Task to carry out: Each line in the material below, starting at the one that contains "Часы Citizen EM1160-58X" and ending at the one that contains "Salma Embroidered Off", should be repeated exactly; the pictures should not.

Exercise materials:
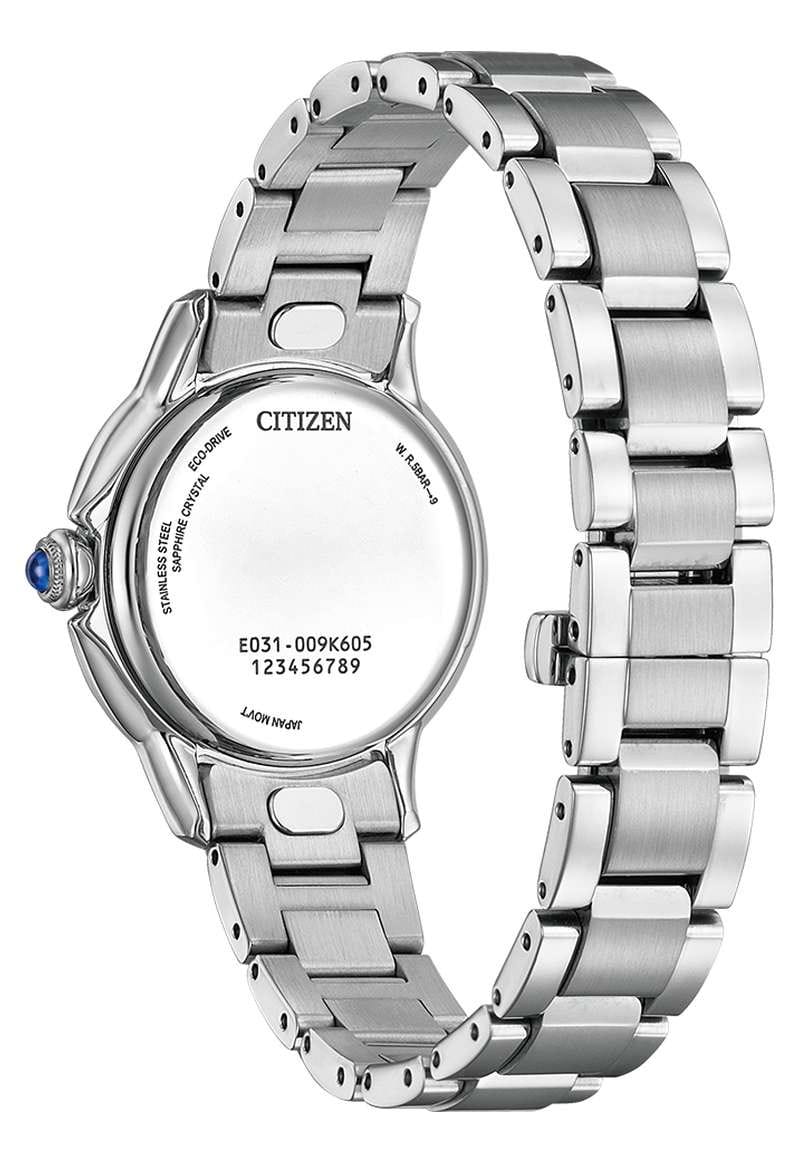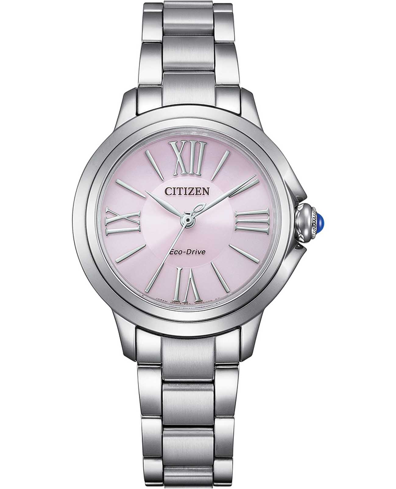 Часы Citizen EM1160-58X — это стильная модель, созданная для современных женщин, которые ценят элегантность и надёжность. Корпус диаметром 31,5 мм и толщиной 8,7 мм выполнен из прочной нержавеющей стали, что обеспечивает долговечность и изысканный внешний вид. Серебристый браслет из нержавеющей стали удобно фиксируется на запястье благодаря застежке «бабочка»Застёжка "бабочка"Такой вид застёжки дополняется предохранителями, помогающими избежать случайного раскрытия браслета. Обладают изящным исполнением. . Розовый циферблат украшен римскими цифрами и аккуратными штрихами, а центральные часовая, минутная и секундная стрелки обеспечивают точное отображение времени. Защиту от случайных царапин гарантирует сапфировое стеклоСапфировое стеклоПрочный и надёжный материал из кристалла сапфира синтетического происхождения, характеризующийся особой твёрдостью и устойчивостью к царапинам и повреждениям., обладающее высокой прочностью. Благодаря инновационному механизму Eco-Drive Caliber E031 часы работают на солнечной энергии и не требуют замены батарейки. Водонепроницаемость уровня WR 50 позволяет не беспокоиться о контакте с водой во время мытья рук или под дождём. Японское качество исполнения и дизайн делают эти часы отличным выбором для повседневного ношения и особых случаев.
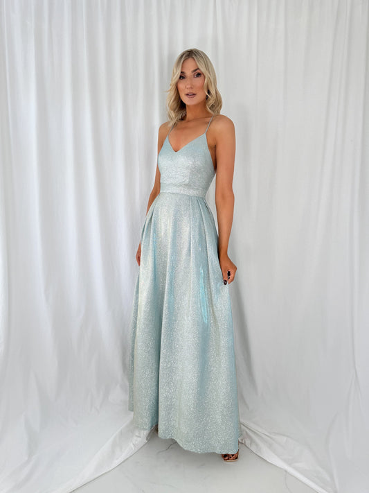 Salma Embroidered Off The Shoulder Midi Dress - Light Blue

...

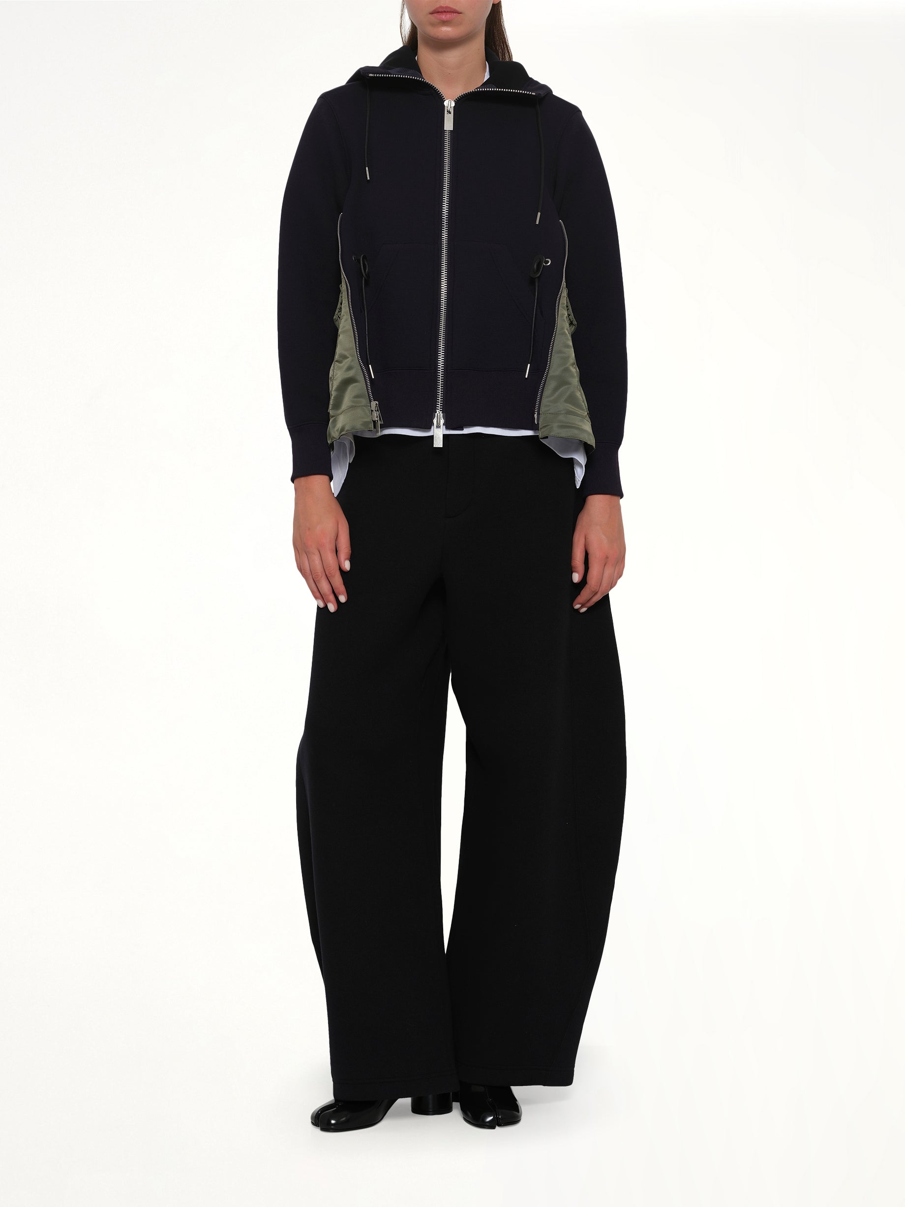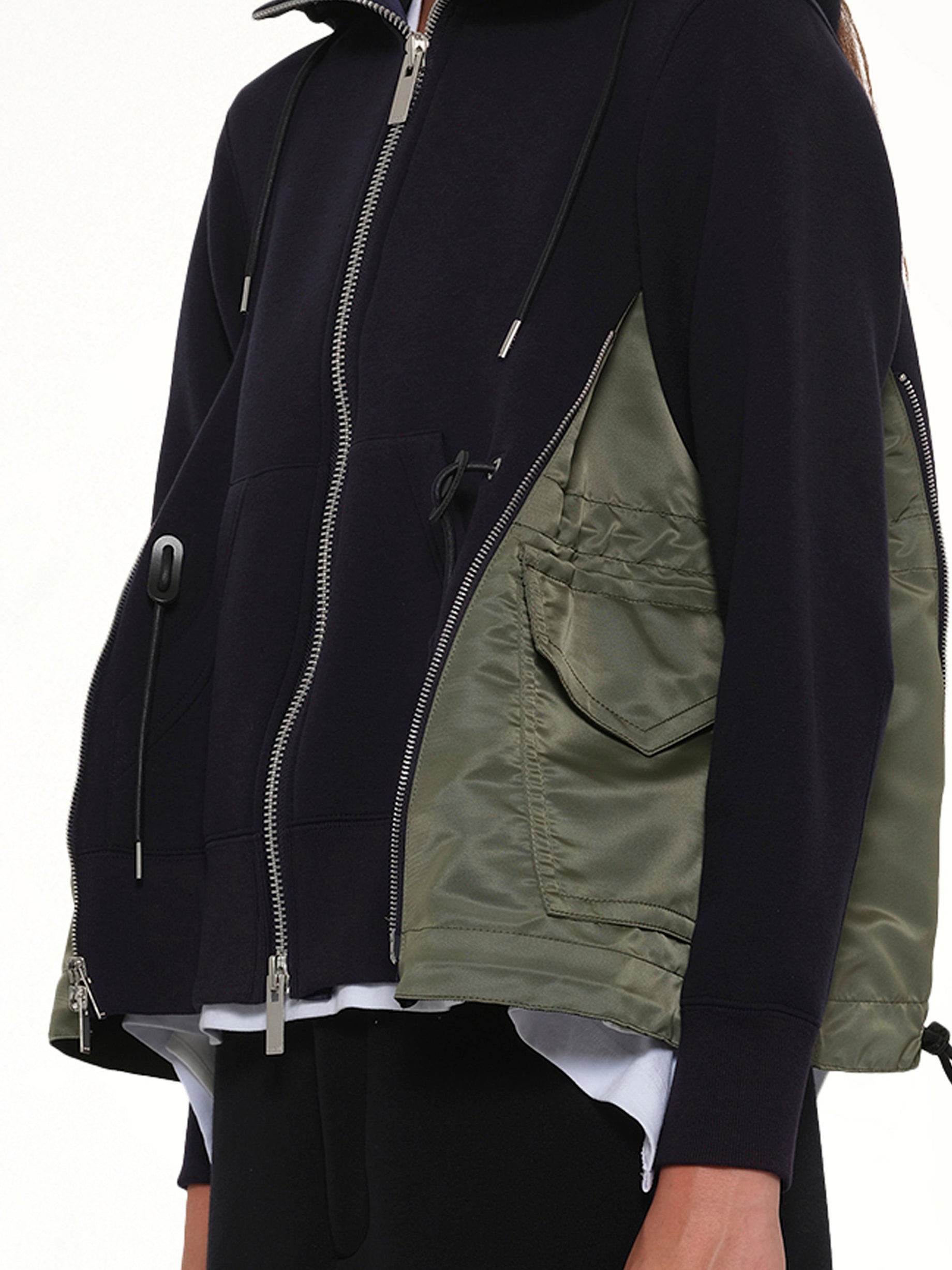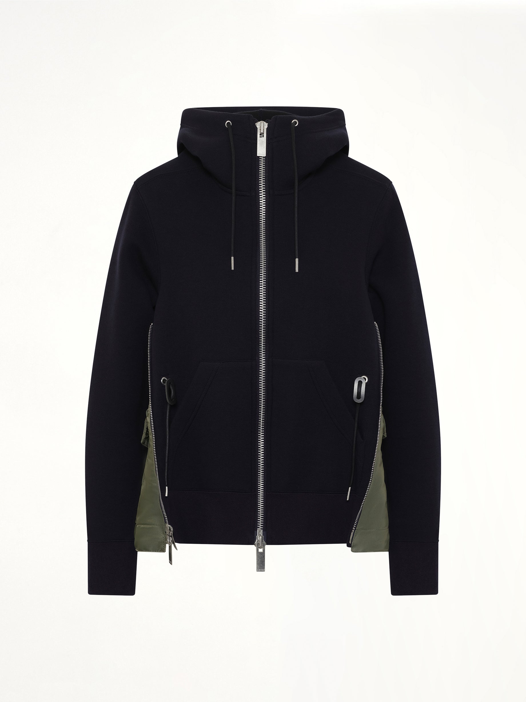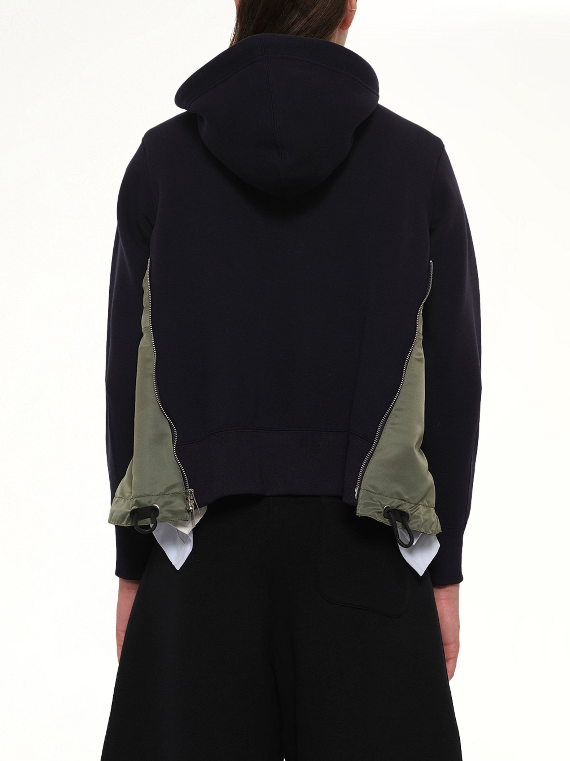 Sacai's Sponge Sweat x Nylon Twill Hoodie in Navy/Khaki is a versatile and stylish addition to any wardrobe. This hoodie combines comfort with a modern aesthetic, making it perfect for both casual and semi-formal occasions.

Exercise answer:
 Часы Citizen EM1160-58X — это стильная модель, созданная для современных женщин, которые ценят элегантность и надёжность. Корпус диаметром 31,5 мм и толщиной 8,7 мм выполнен из прочной нержавеющей стали, что обеспечивает долговечность и изысканный внешний вид. Серебристый браслет из нержавеющей стали удобно фиксируется на запястье благодаря застежке «бабочка»Застёжка "бабочка"Такой вид застёжки дополняется предохранителями, помогающими избежать случайного раскрытия браслета. Обладают изящным исполнением. . Розовый циферблат украшен римскими цифрами и аккуратными штрихами, а центральные часовая, минутная и секундная стрелки обеспечивают точное отображение времени. Защиту от случайных царапин гарантирует сапфировое стеклоСапфировое стеклоПрочный и надёжный материал из кристалла сапфира синтетического происхождения, характеризующийся особой твёрдостью и устойчивостью к царапинам и повреждениям., обладающее высокой прочностью. Благодаря инновационному механизму Eco-Drive Caliber E031 часы работают на солнечной энергии и не требуют замены батарейки. Водонепроницаемость уровня WR 50 позволяет не беспокоиться о контакте с водой во время мытья рук или под дождём. Японское качество исполнения и дизайн делают эти часы отличным выбором для повседневного ношения и особых случаев.
 Salma Embroidered Off The Shoulder Midi Dress - Light Blue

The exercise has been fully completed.